Task brief :: Restate word for word the lines below from the one that has "Ospelelf 2025 Leather" through the one that has "На сайте бесплатных", keeping both and dropping all pictures.

Data records ::
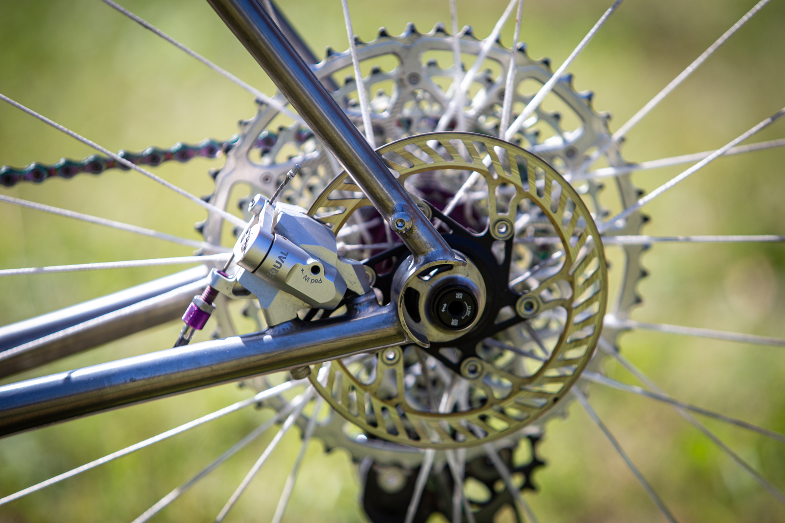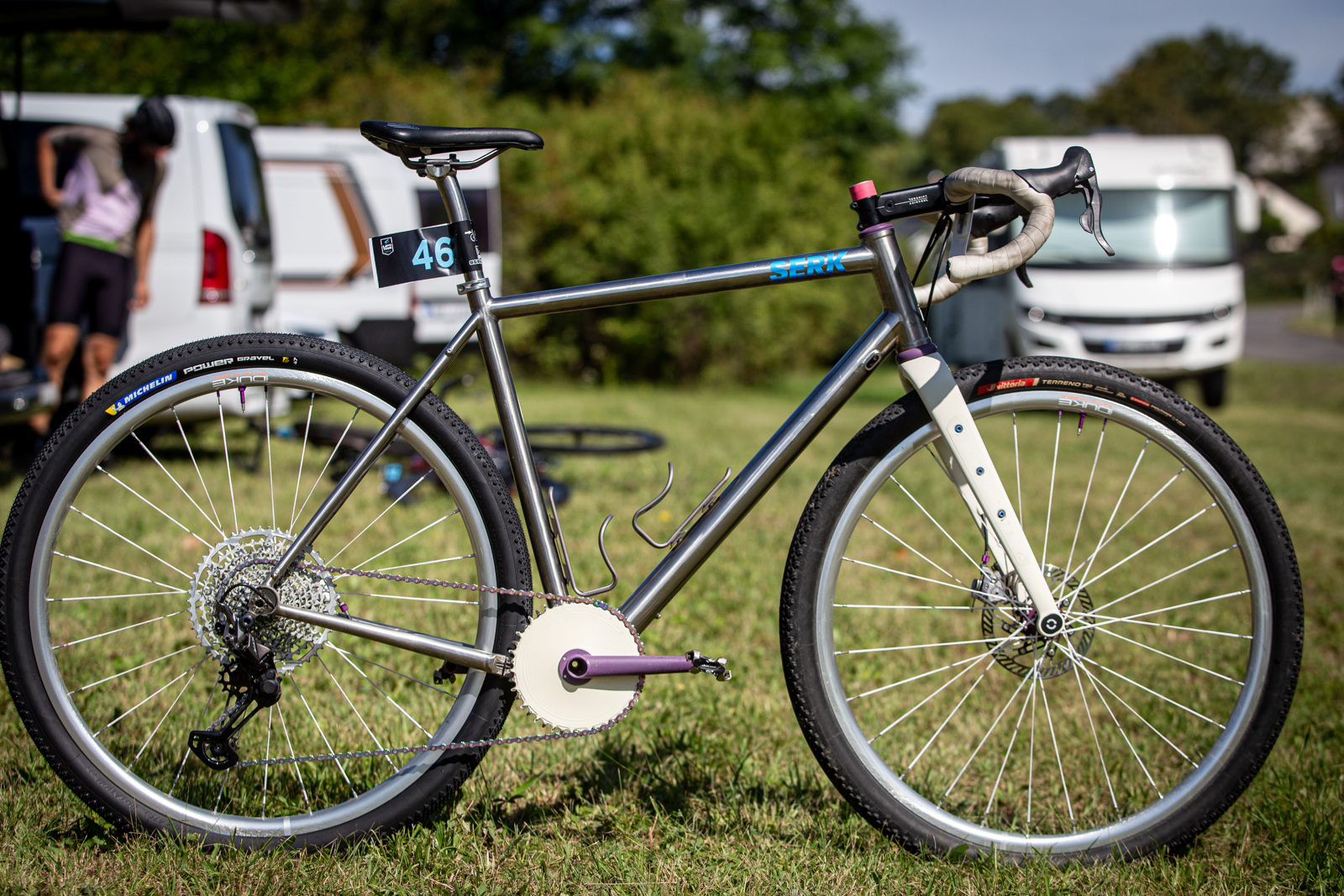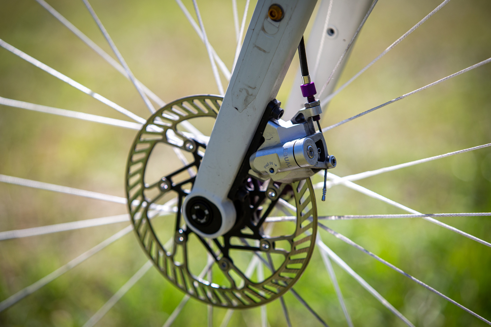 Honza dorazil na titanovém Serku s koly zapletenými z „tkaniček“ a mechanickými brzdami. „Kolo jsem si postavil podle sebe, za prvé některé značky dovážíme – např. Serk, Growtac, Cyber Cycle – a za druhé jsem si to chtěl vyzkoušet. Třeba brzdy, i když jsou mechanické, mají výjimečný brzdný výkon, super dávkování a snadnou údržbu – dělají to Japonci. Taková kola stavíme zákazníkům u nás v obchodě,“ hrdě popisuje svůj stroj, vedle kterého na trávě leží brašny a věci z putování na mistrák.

---

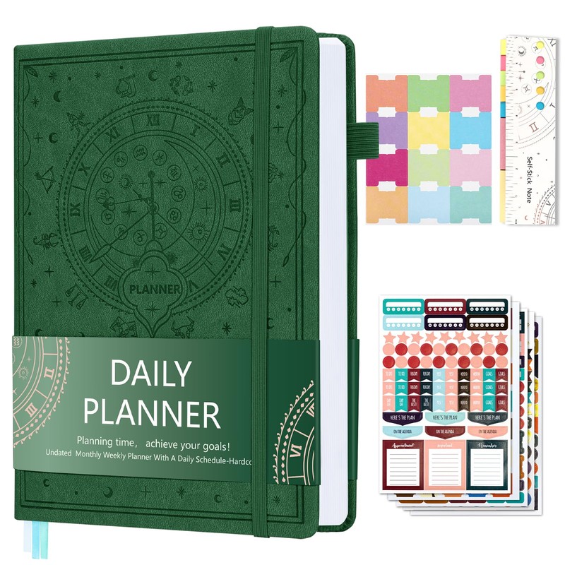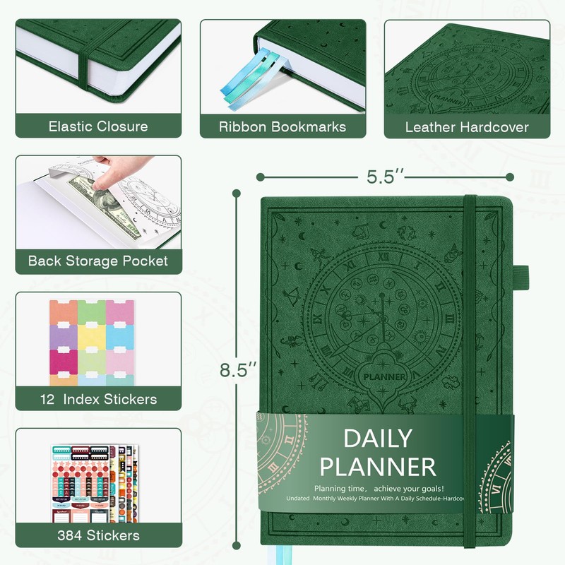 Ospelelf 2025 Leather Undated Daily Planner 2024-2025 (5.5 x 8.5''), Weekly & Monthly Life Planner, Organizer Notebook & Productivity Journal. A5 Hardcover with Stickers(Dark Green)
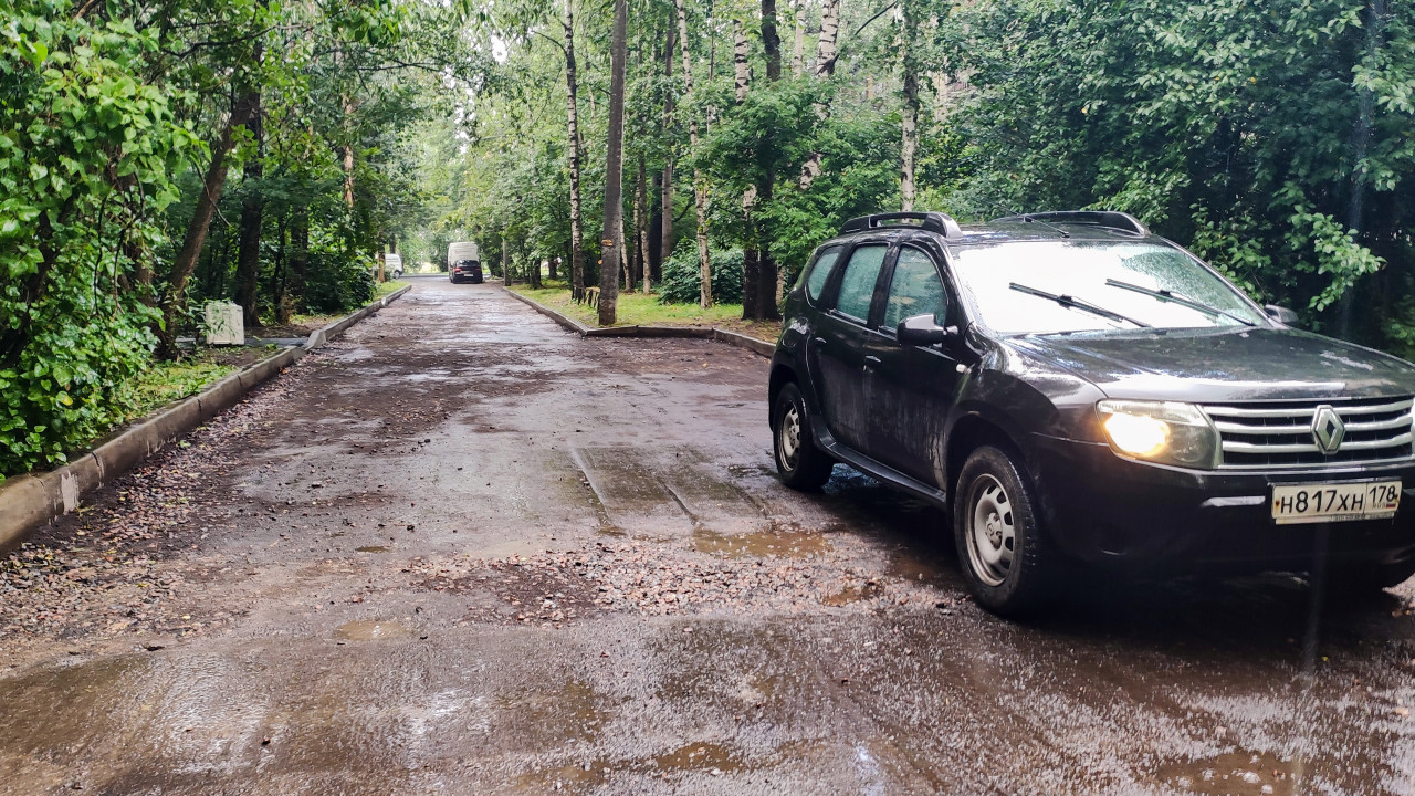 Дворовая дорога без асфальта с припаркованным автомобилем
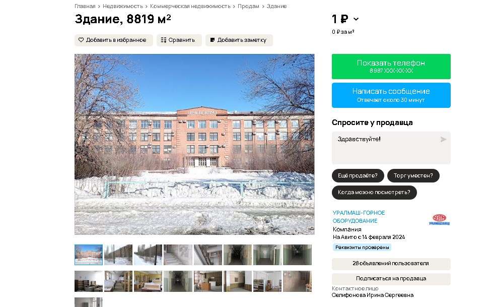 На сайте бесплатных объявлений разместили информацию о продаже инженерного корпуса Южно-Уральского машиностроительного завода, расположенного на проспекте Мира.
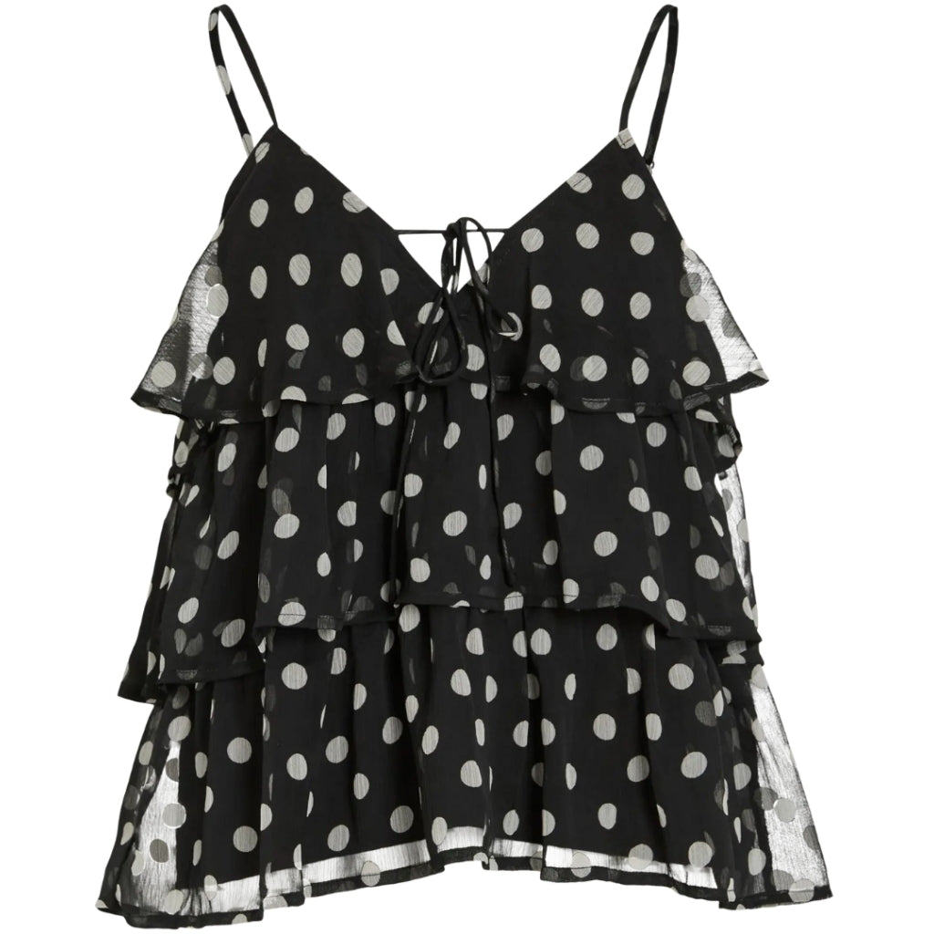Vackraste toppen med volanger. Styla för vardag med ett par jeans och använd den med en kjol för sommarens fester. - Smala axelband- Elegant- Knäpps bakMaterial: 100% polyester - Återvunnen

Solved exercise ::
 Ospelelf 2025 Leather Undated Daily Planner 2024-2025 (5.5 x 8.5''), Weekly & Monthly Life Planner, Organizer Notebook & Productivity Journal. A5 Hardcover with Stickers(Dark Green)
 Дворовая дорога без асфальта с припаркованным автомобилем
 На сайте бесплатных объявлений разместили информацию о продаже инженерного корпуса Южно-Уральского машиностроительного завода, расположенного на проспекте Мира.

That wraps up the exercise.